There have been other innovations in library work that required engaging different behaviours and tasks in the past. For example, is this move towards a scholarly communication future different from when the discovery search was introduced? The eResources experience is similar in terms of new competencies required in the profession. However the difference in the scholarly communication environment is there is an external driver – we need to understand the politics of how open access can move forward in the UK.

Considerations – budgets

There is a mismatch between what people would love to have, what can be designed and what people can afford. Anecdotally the group heard that training budgets are really squeezed so priority and focus might be heavily influenced by this, with geography and travelling costs being central to decisions.

The group discussed the need to make training accessible to all. Even free events can be prohibitive in terms of travel, and hosting them in off-peak periods can be helpful with costs. The blockage is not just money, it includes time – in terms of loss of a team member while they are away. This is particularly problematic if scholarly communication is only a part of their job. Most of the need comes from really small institutions where the work is part of a bigger role, however that is where there is little money. This also raises challenges for the time available for those people to self educate.

UKSG run events in London which is expensive for organisations north of London to attend. To increase participation UKSG are now trying to put regional events on, and have shifted their training to a webinar programme rather than face to face.

SCONUL has done basic copyright training and this has thrown up price sensitivity. One solution is trying to keep it local, and members can volunteer staff in kind.

One option could be online training where participants log on at a certain time once a week for 10 weeks. Many of the people in scholarly communication work in universities, and have distance education software available to them. An alternative is having courses done in house – that could part of a modular package (but how do you link this?). The course content needs to be agnostic enough to be useful (not discussing DSpace or PURE for example) before delving into institutional specifics. Make it modular with core principles and then have options.

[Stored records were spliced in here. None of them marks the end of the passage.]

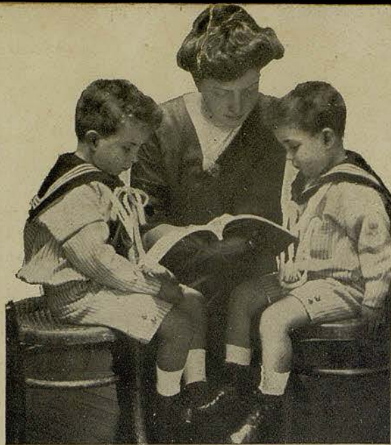
La princesa Pilar con sus sobrinos los infantes Luis Alfonso y José Eugenio.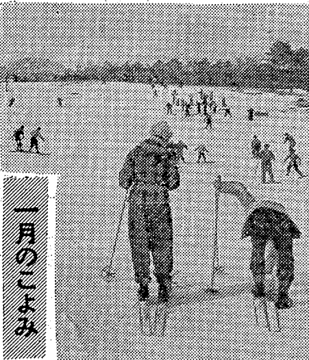
那須高原のスキー (去年撮影)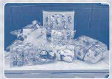
エリアの企画で つくった 手作りおもちゃ

2026年度からネパールでの支援が「母子健康格差是正事業」から「乳がん・子宮頸がん検診体制強化支援事業」に変更になります。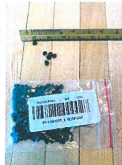
En España la norma incluye cerca de 200 especies invasoras

España no es el único país donde se han producido estos misteriosos envíos. Las autoridades de Alemania, Francia, Irlanda, Países Bajos, Reino Unido y Estados Unidos, Canadá, India o Japón también han alertado de estos eventos. De hecho, el departamento de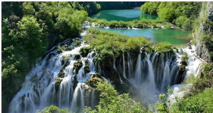
Slika 1. Plitvička jezera [28]

Trogir, Eufrazijeva bazilika u Poreču, stari grad Dubrovnik, Plitvička jezera i Katedrala u Šibeniku. Pod UNESCO-ovom zaštitom su i nematerijalna kulturna baština kao: paška čipka, festa sv. Vlahu u Dubrovniku, hvarske procesije za križen, kastavski zvončari, zagorski majstori drvenih igračkaka. Na slici 1. nalaze se Plitvička jezera.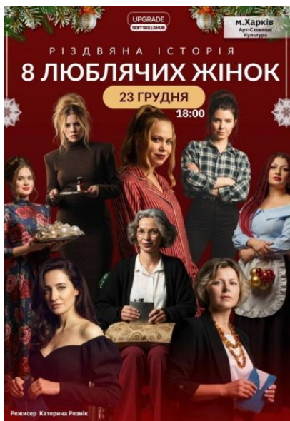
Рис. 4.3. «Афіша вистави»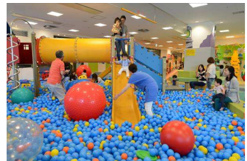
「キドキド」施設内イメージ

「キドキド」は、運動大国デンマークの体育理論に基づいて開発したボーネルンドオリジナル遊具を中心に、子どもたちが発達段階に応じた多様なあそびを存分に楽しめるよう、工夫をこらして設計しています。常駐する当社スタッフ「プレイリーダー」が、たくさんのあそびの見本を示して子どもたちのあらゆる体の動きを引き出し、親子のあそびをサポート。2004年の開業以降、来場者数は好調に伸び、昨年は年間約220万人の親子が来訪しました。子どもはのびのびと存分に遊び、親は子どもの成長を実感できる点が好評で、親同士の情報交換の場としても活用されており、子育てに必須の施設として全国の親子から幅広い支持を集めています。

There was a suggestion that we create a nonprofit making shared collaborative service. The costs to developing this type of deliverable include the development of the training materials, infrastructure costs, room hire, catering etc. Can we make it all online and available? This could work if it were modular.

Next steps

We have not yet bottomed out the need yet – perception of needs at the practitioner level and senior management might be different. Cost is an issue here. Universities need to work out how much it costs to do in-house training – what is the opportunity cost to employ a staff member without experience or training and then get them up to speed?

It would be useful to have an understanding of what training is happening within institutions. What subjects/topics are being taught, who is doing it, what language is being used, is there a dedicated staff member. Where else do people get information and support?

The general plan is to reconvene in September.

Useful Resources

Skill sets analyses

Here are links to work that has already been done on the required skill sets:

Organisations providing or coordinating training

Organisations are running similar events and then participants have to choose what to focus on. If we divvy it up across the sector it might help the situation.

The Society for College, National and University Libraries (SCONUL) does basic copyright training. There is more focus on the leadership end of the equation. The Collaboration Strategy Group is considering a shared service. People come from non traditional groups and this reflects a broader skills sets required in libraries than traditional library courses give you. SCONUL are about to scope out where those services might be and try to identify needs into the future. There are challenges are in recruiting people given the slightly moralistic nature of library culture and whether they are welcoming of people from different background. How do we promote, retain and incentivise people who may not come from this area?

Research Libraries UK (RLUK) don’t do direct training, but they do have programmes of works and networks around these issues. The RLUK board recently had a meeting to look at a new strategy – updating the existing 2014-2017 RLUK Strategy. They are looking at the bigger picture for scholarly communication – the infrastructure challenges, the bigger picture related to licensing and costs and how to leverage members in the consortia. Their role is very much supporting and helping out.

UK Serials Group (UKSG) runs a conference programme. One day events are a mix of standing repeated courses and one off sessions. In conferences often the breakout sessions are the things that people find really valuable. These include soft skills like mindfulness in leadership. The audience tends to be practitioners, people in their mid-career. Traditional areas such as library have been focused around collection management because that is where publishers are. But it is not just about traditional publishing. They are our members and that is moving our agenda to meet those needs. UKSG cannot get anywhere in contributing to university publishing courses. Libraries are starting to employ people who have publishing backgrounds.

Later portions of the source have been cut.